In "the land of the free and the home of the brave", we prefer independence
and democracy. We decide our own fate, make our own rules and do our
own thing.
            How does our penchant for self-rule influence our thinking about the
                        term, "the kingdom of heaven"?
            State one good reason why we should surrender our desires to
                        God's law of peace and goodwill for all?
            Do you submit to God's way in some areas, but retain control of others?


There's a song (written by Geo Matteson) in the Methodist Hymnal which reads:
            "Make me a captive, Lord, and then I shall be free.
            Force me to render up my sword, and I shall conqueror be.
            I sink in life's alarms when by myself I stand;
            Imprison me within thine arms, and strong shall be my hand."
Three more verses express similar paradoxes.
            What does the message of this song say to you, and about you?


Thomas Watson lived from 1620-1686. He spoke of the kingdom of God
on earth as the kingdom of grace, and the future promise of heaven as the
kingdom of glory.
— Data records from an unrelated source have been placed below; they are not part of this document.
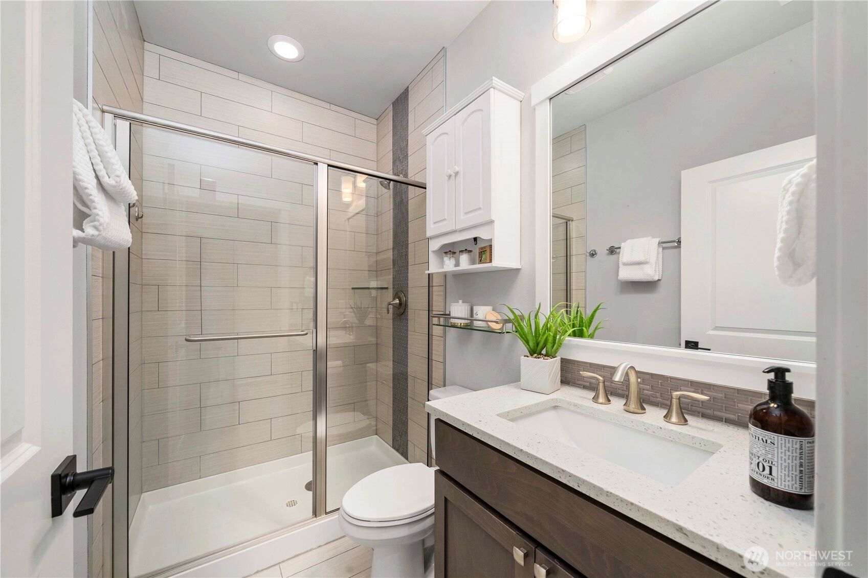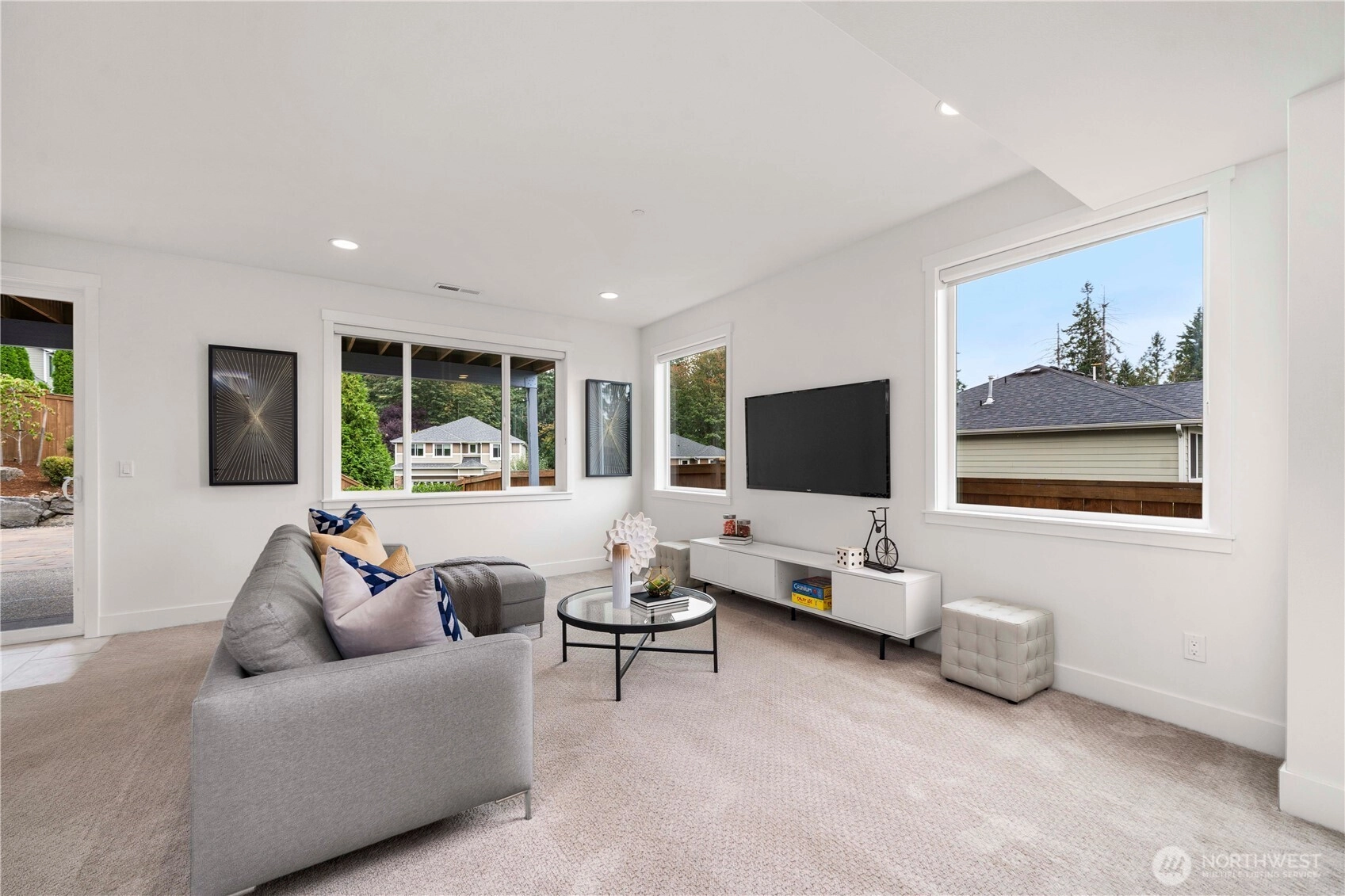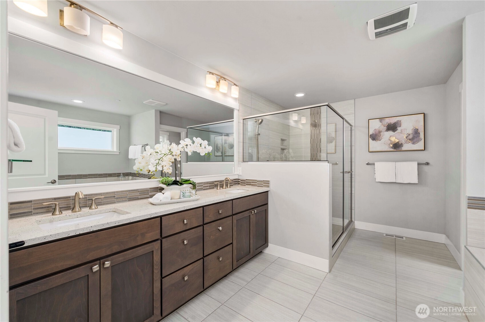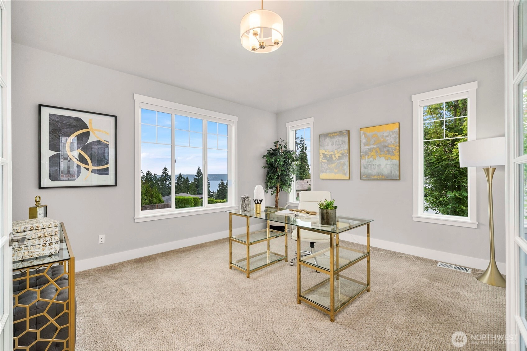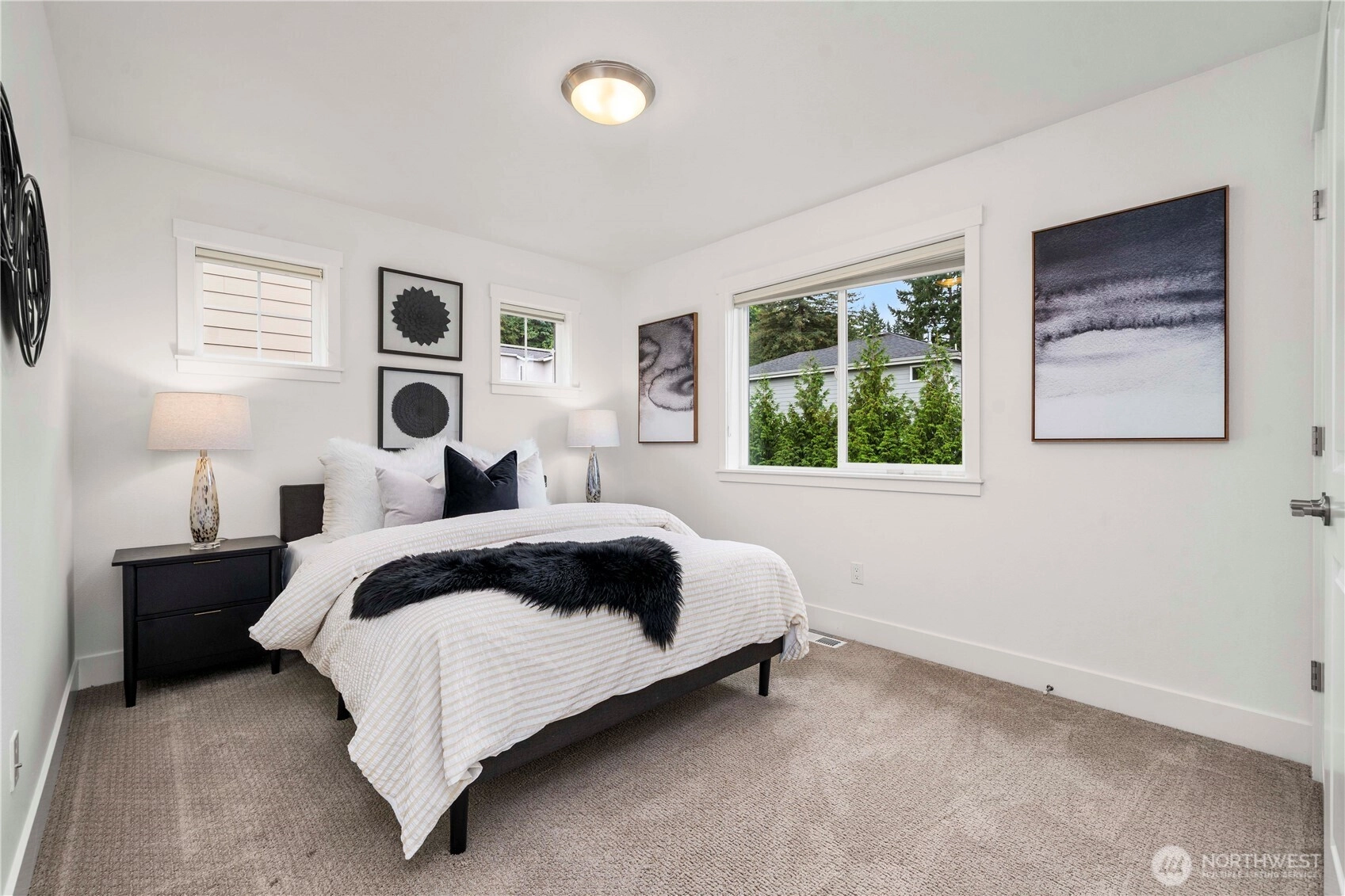 Sophisticated luxury with Lake & Cascades views! Nestled in a private cul-de-sac, this exquisite Sapphire Home blends timeless design with modern elegance. Over 4,300 sq ft of refined living, including 4 bedrooms upstairs, a main-floor guest bedroom, a designated office, & a large bonus downstairs. Expansive windows showcase stunning natural light & serene vistas. The gourmet kitchen features quartz counters & chef-grade appliances. Indulge in the spa-like primary suite with lake & mountain views. Central A/C, a generator, 3-car garage, sprinkler system, professionally paved & fully fenced backyard & neighborhood park. New interior paint. Just minutes to I-90, DT Bellevue, Seattle, tech hubs, & all the amenities. Excellent Issaquah schools.
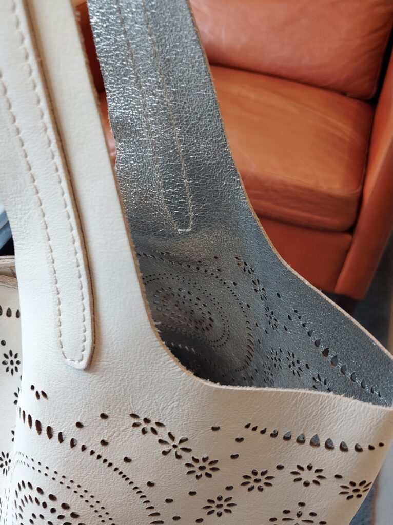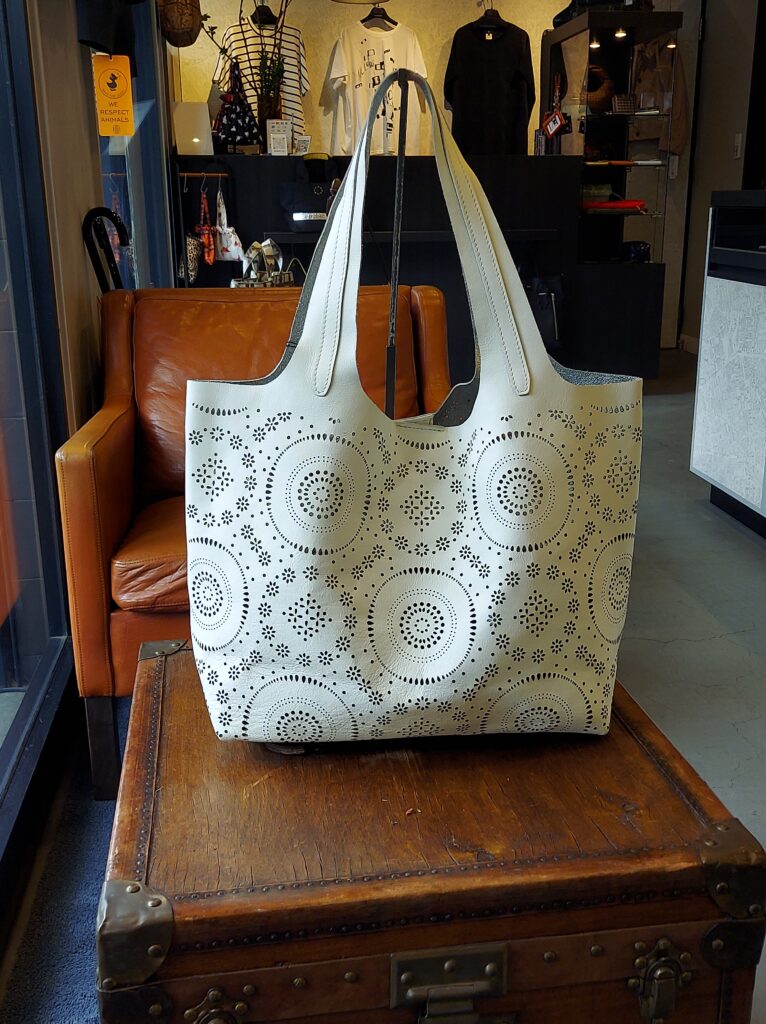 牛革にレーザーカットを施したトートバッグ。革の両面が表(ギン面)の綺麗で珍しい素材です。
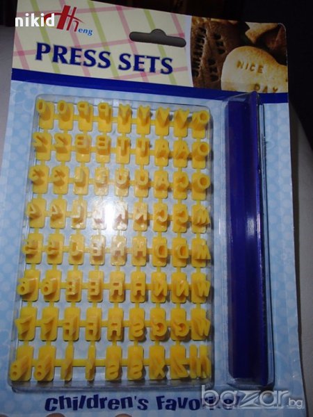 голяма Щампа печат надпис за сладки и бисквитки с числа цифри и букви латиница азбука символи фондан → Обява 12717918

He wrote, "At Athens there were two temples, a temple
of virtue and a temple of honor; and there was no going into the temple of
honor, but through the temple of virtue; so the kingdoms of grace and glory
are so closely joined together, that we cannot go into the kingdom of glory
but through the kingdom of grace."
            What do these thoughts add to our prayer, "Thy kingdom come."?
            If we cannot learn to live in peace on earth, is it reasonable to expect
                        we will live together peacefully in heaven?
Ponder/React to this--Jesus told us to change now, not wait till we get to heaven.


The purpose of Jesus' ministry on earth was to bring on the reign of God.
            How did Jesus go about doing this?
When Jesus departed, he commanded his disciples to continue his work.
            What gifts and abilities has God given you to use in bringing the light
                        and life of God's kingdom into your everyday routines?
            How do you contribute to this goal locally, nationally or internationally?


What can you do to prepare a road for God to come and rule among us?